We propose a novel high-dimensional and small-sample submersible fault detection method, which applies hierarchical clustering and AEs to select significant features and use GANs to synthesize data. In this paper, hierarchical clustering is used to cluster the raw data with the degree of similarity, and then AE is applied to evaluate the features of each cluster to determine the correlation between the feature groups and labels, so as to obtain the effective features for submersible fault detection. To get enough training data, a rough simulated data generation process is developed to transform the normal sensor data to rough simulated data according to adding adjusting rules in deep autoencoders. The improved DCGAN is the data refiner, which is trained to obtain realistic data transformed from the rough simulated data. Based on the above two processing methods, we have gotten a meaningful feature group and sufficient training data, so that CNN can be used for fault detection, which is pretrained and fine-tuned with generated data, and tested with the real sensor data.

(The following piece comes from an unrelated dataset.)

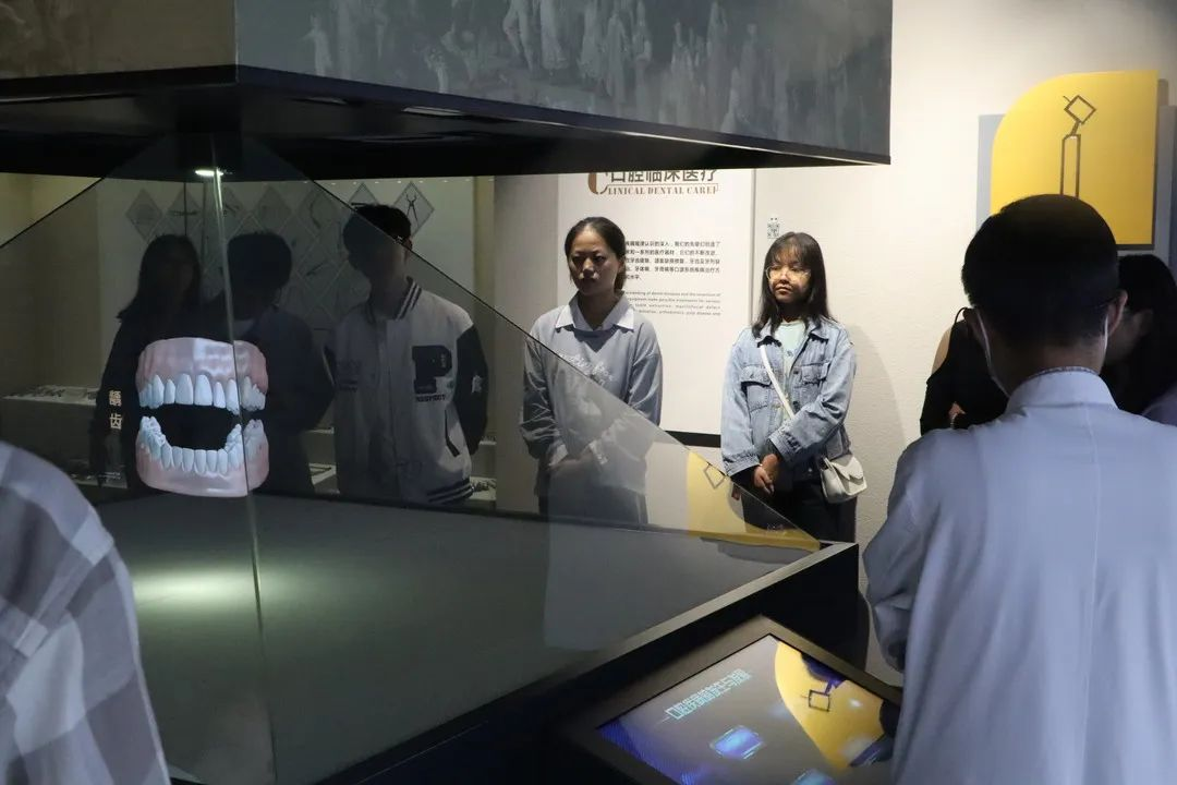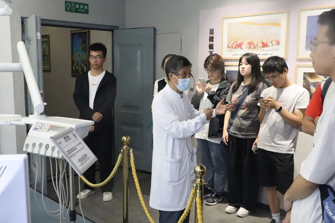 体会了口腔的重大生物学意义之后,口腔医学教育馆则带给大家浓重、深厚的口腔人文关怀,观摩了种植牙之父——布伦马克教授一生的伟大成就和珍藏的各种研究成果,体会到了医学大家的崇高奉献精神与无疆大爱。最后,大家回归现实,进入口腔医疗设备展厅。从历史尘埃中依然灼灼发光的“过去之角”,到充满构想、逐渐变为现实的“现代之角”,百余年来各式各样的口腔医学设备在大家面前呈现出来,绘成了一幅口腔医学史上的泱泱长卷,展现了口腔医学技术发展的光辉历程。博物馆内藏品之丰富使大家惊叹,而为这些藏品不断奔波的赵院士,更是凭借其无私大爱让同学们心生敬佩。最后,走进名人堂,注视着各时期为世界口腔医学发展做出无私奉献的各位名师大家,一股继往开来、不懈努力的热泉从大家的心底喷涌而出,贺副馆长更是借此机会,对2026年国际足联世界杯口腔医学的新生们寄予了热切的期望。

The main contributions of this paper are as follows.
(1) A novel submersible fault detection method is designed, which innovatively completes the fault detection of submersible hydraulic system, and greatly improves the accuracy of detection by comparing with other classical algorithms.
(2) A feature selection model is proposed to select features strongly associated with fault event and able to effectively improve results of submersible fault detection and outperform several other state-of-art dimensional reduction methods.
(3) A data augmentation method based on improved DCGAN is developed, which generates more realistic data as training dataset for fault detection model. No real sensor data are required in fault detector training phase and the fault samples in submersible sensor dataset can be precisely detected.
The remainder of this paper is organized as follows.
Section 2 is the description of the target submersible and sensor data set collected from the submersible. The submersible fault detection model is illustrated in
Section 3. In
Section 4, experiments and analysis are performed. Finally,
Section 5 summarizes the conclusion of this paper with future work.
5. Conclusions
In this paper, a submersible fault detection method is proposed. The method is designed to overcome the difficulties of scarce dive data and high dimensionality. There are three modules in this method: feature selection, data augmentation and fault detection. In the first module, agglomerative hierarchical clustering and AEs are used to select the optimal feature subset related to the fault event. In the second module, the proposed adjusting rules is used to generated rough data with deep autoencoders, then the improved DCGAN as refiner transforms the rough data to realistic data. In the third module, LeNet-5 structure-based CNN model is applied as the fault detector, which is trained and fine-tuned with generated data. The proposed method is tested by the real submersible sensor data, and the results indicate that our method can effectively detect fault occurring in submersible hydraulic system. In comparison with several classic algorithm, in terms of accuracy, recall, precision and F1, the proposed method outperforms other fault detection algorithms. We have also analyzed the relationship between fault event and sensor signals, which can provide information for the retrospect of the fault details.
Although good results have achieved in this paper, there are still some limitations in our study. First, we currently only detect and analyze the failure of the hydraulic system in the submersible. Second, our proposed method currently only processes the sensor signal of the submersible. Third, we can only simulate the fault occurred to generate data. Therefore, we will continue the study focusing on three aspects: (1) After obtaining the fault data of other systems, we will improve the algorithm according to its data characteristics to achieve accurate fault detection. (2) The adaptive improvement of the algorithm is made to transfer it to other data sets so as to realize the fault detection of other applications. (3) We will introduce expert knowledge in fault data generation to detect possible faults.